The Peruvian people are very friendly and integrate you in their community, if they feel your intention to help them. In class it can be very noisy, but all in all it is a pleasure to work with Peruvian pupils. Besides my role as a teacher, some regard you as a kind of friend.
Peru might be one of the most fascinating countries in the world. So to work as a volunteer is a very good opportunity to know about the country and its people and its culture and to travel around. And as said above there are a lot of opportunities to make a positive contribution.
Own impressions in more detail with regards to English classes
I didn`t work as an English teacher before and my level of English is quite good, but I am not a native speaker. The level of knowledge of English in Peru is by far lower than in Germany. The major problems lie in the correct pronunciation and in the building of correct sentences. The correct order of words (subject, object, verbs and their declination) can be frequently wrong. Consequently it is important to train this from the very beginning. But in order to motivate young pupils, an English lesson needs to be entertaining in a way as well.
Consequently a good combination between games to repeat learned staff and the teaching of new contents (grammar / new vocabulary) might be helpful. A list of games carried out by myself and by other teachers, I worked with, is enclosed. Hopefully it can be useful for new volunteers teaching English. Furthermore, if there is the possibility to use visual means (laptop with a presentation e.g.), you should actively use it as well. The power point file with some nice exercises to train vocabulary (animals, colors etc.) worked quite well and it was quiet in class, when I used it.
I would recommend to Peru Volunteer to develop an own school book. Perhaps a combination of input from local school books and of school books used in Europe. Volunteers can copy then parts, which they need for their own lessons. I left parts of my own teaching material, I used when I was about 11-13 years old.

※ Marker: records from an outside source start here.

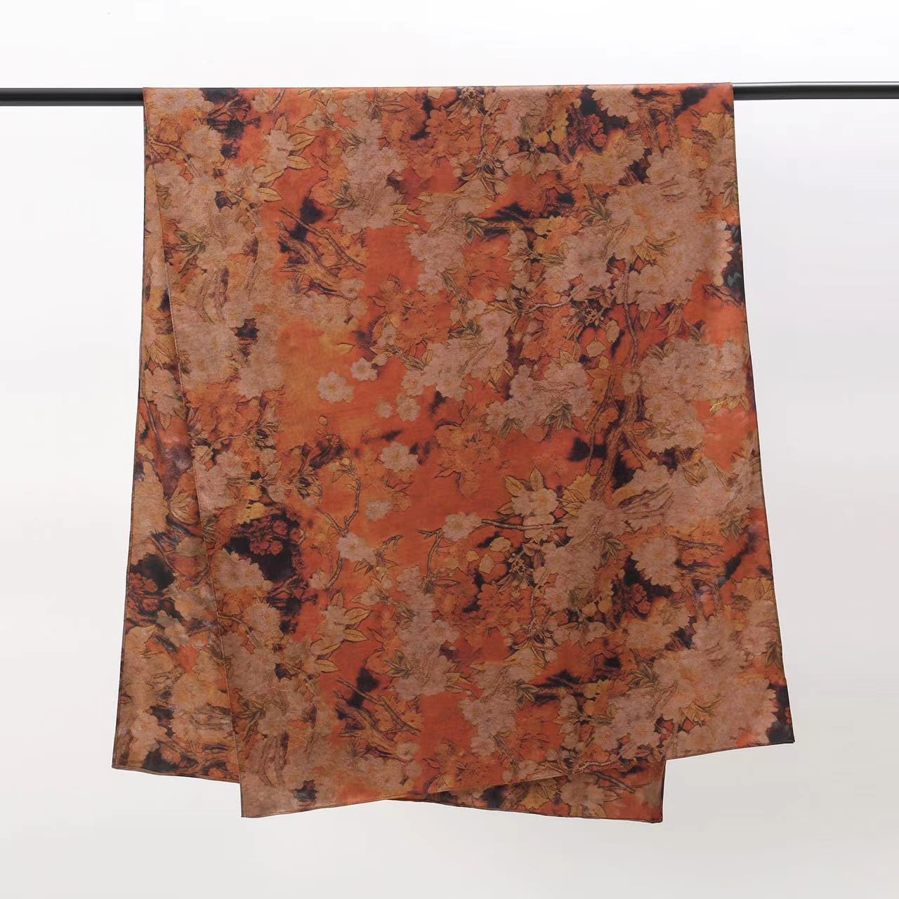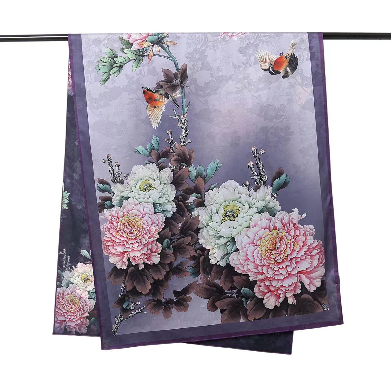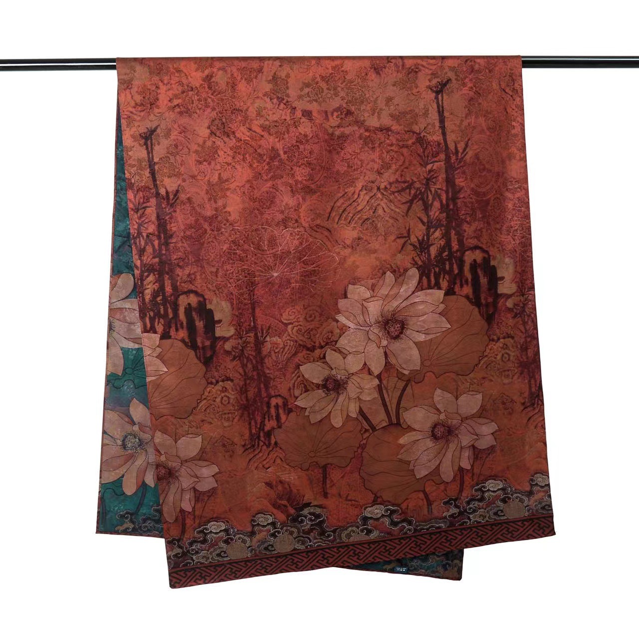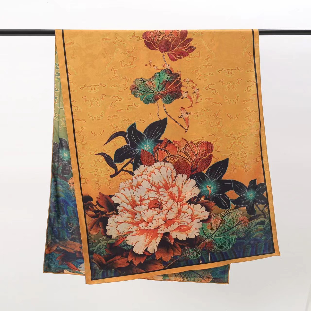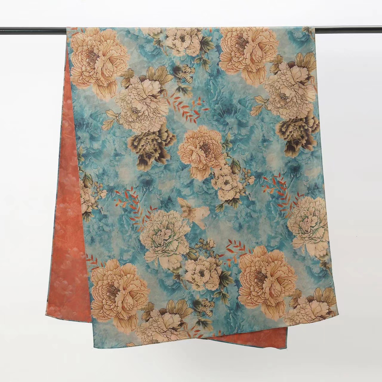 드래곤 년 길조 어머니 Xiangyun 원사 꽃 스카프 새로운 뽕나무 실크 복고풍 스타일 중국 스타일 스카프 우아한 긴 스카프
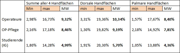 Als Referenzgruppe 1 diente erfahrenes OP-Pflegefachpersonal, da dieses bereits in der entsprechenden Fachausbildung die Durchführung der hygienischen und chirurgischen Händedesinfektion sowohl im theoretischen als auch fachpraktischen Unterricht erlernt.
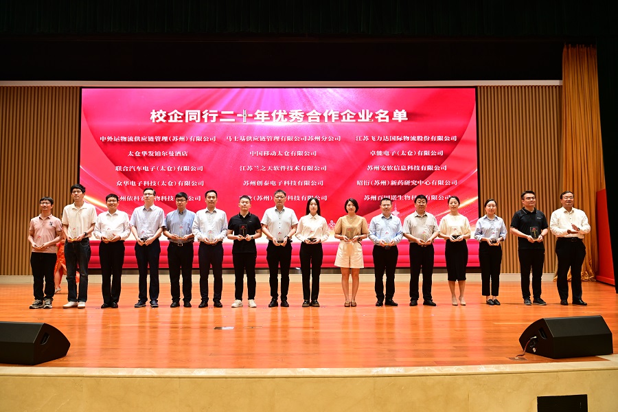 颁发校企同行二十年优秀合作企业纪念奖杯

To me it was also a new experience to teach. There are some simple rules, which might be easy to understand, but when teaching you might not be conscious about them. So partly learning from my own faults, I want to highlight the following simple rules:
- Speak up in a loud and clear voice. Any experience form a rhetoric course is helpful
- If possible, build a circle with the pupils. Looking what is written on the board is easier then.
- Write on the board in very big letters, especially if your handwriting is not easy to read for others
- Check, that the pupils have written down everything
- If possible the class should be carried out by two volunteers. One holding the lesson, teaching in an active way; the other correcting faults and helping pupils, who are lagging behind.

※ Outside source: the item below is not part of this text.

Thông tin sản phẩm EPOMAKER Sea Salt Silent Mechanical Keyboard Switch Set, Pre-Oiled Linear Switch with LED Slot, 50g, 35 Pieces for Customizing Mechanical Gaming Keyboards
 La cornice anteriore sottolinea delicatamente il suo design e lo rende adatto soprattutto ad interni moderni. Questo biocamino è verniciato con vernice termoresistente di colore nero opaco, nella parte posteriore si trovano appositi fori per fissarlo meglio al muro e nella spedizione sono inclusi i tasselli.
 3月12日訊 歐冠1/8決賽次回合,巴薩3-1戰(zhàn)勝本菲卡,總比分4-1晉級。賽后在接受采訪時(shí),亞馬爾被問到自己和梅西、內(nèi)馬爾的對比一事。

- If you have a smartphone, make a screenshot of what you wrote on the board of each lesson. Just to remember learned material, if you make a test or for repetition of learned vocabulary.
- In my opinion it makes sense to make a test or a short exam each two weeks to track the progress of the pupils.

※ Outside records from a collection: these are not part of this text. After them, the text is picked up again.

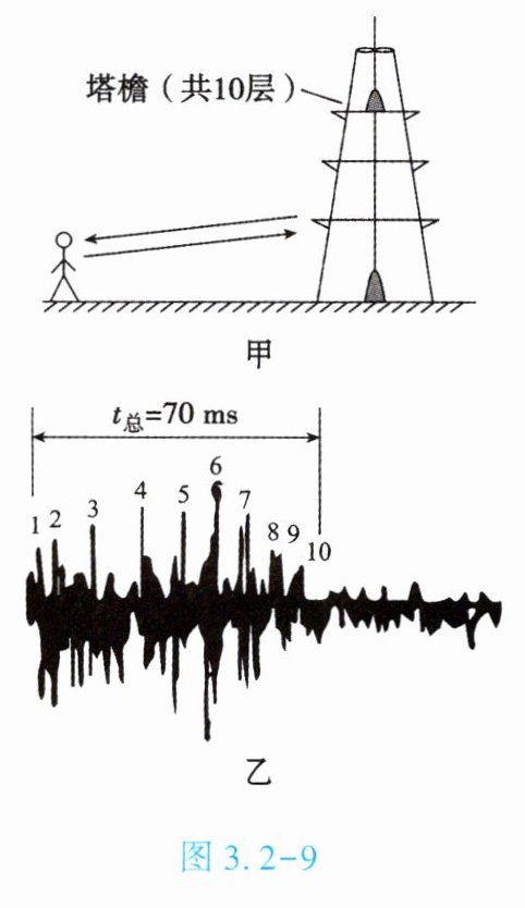 (2)为什么敲击一次石头后,人耳不能将敲击声的十声回声清晰地分辨开来,而是仅听到一声“呱呱”的声音? (塔檐回声总时间跨度$t_{总}约为70$毫秒)。
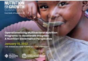The webinar will share lessons learned from multisectoral nutrition implementation experiences as seen through a nutrition governance lens from several countries supported by the World Bank and GFF. Lessons center around three pillars of 1) advocacy, leadership, and institutional support for multisectoral nutrition; 2) management capacity and financing; and 3) results measurement, monitoring and accountability.
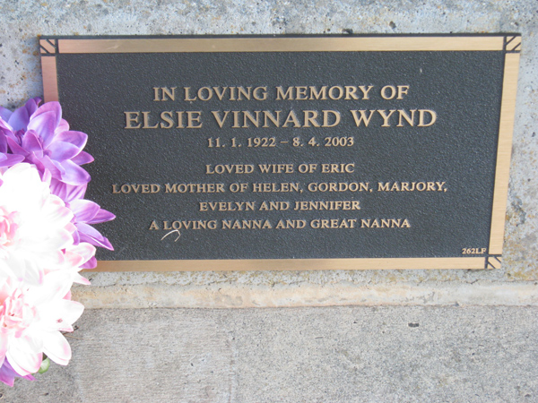 | WYND | Elsie Vinnard | photo | 1922 | 2003 | Eric G | Lawn F | ||

- For an effective English lesson, my impression was, that the class should not be bigger than 15 pupils.
- Give your best to create an effective, but also an entertaining lesson. Pupils will rejoin the lesson more frequently. (Please see list of games)
- Some pupils advance quicker than others, so one volunteer should focus on pupils lagging behind or you have to separate the class one day
- Try to get a teaching plan for the whole year from the director of the school. Due to unpredictable bank holidays the planning of your own lesson sometimes is difficult.
- If you teach in a class room of a public school, leave the class in the same order you find it, when starting your lesson. Just to avoid trouble with the local teachers.
- Repeat the pronunciation of learned vocabulary on a regular basis to train the pupil’s own pronunciation
- The pupils have school in the morning. So in the afternoon sometimes concentration is missing and the class can be very noisy. If the level of noise is unacceptable, send them out for 5-10 minutes.
- If you teach about one and a half hour, in general take a break about 10 minutes into consideration.
Own impressions in more detail with regards to Sports classes
Soccer (“futsal”), and Volleyball are very popular in Peru. Sometimes basketball was played too. Girls favor Volleyball, whereas the boys prefer playing soccer.
It is not easy for the teacher to coordinate a class of 25 young kids or more. So you can help the teacher in organizing the pupils in groups and in keeping an eye on that every pupil really takes part in the lesson. You can also help them by training young pupils, who are lagging behind. So separating weaker pupils from the whole class to train them in a smaller group.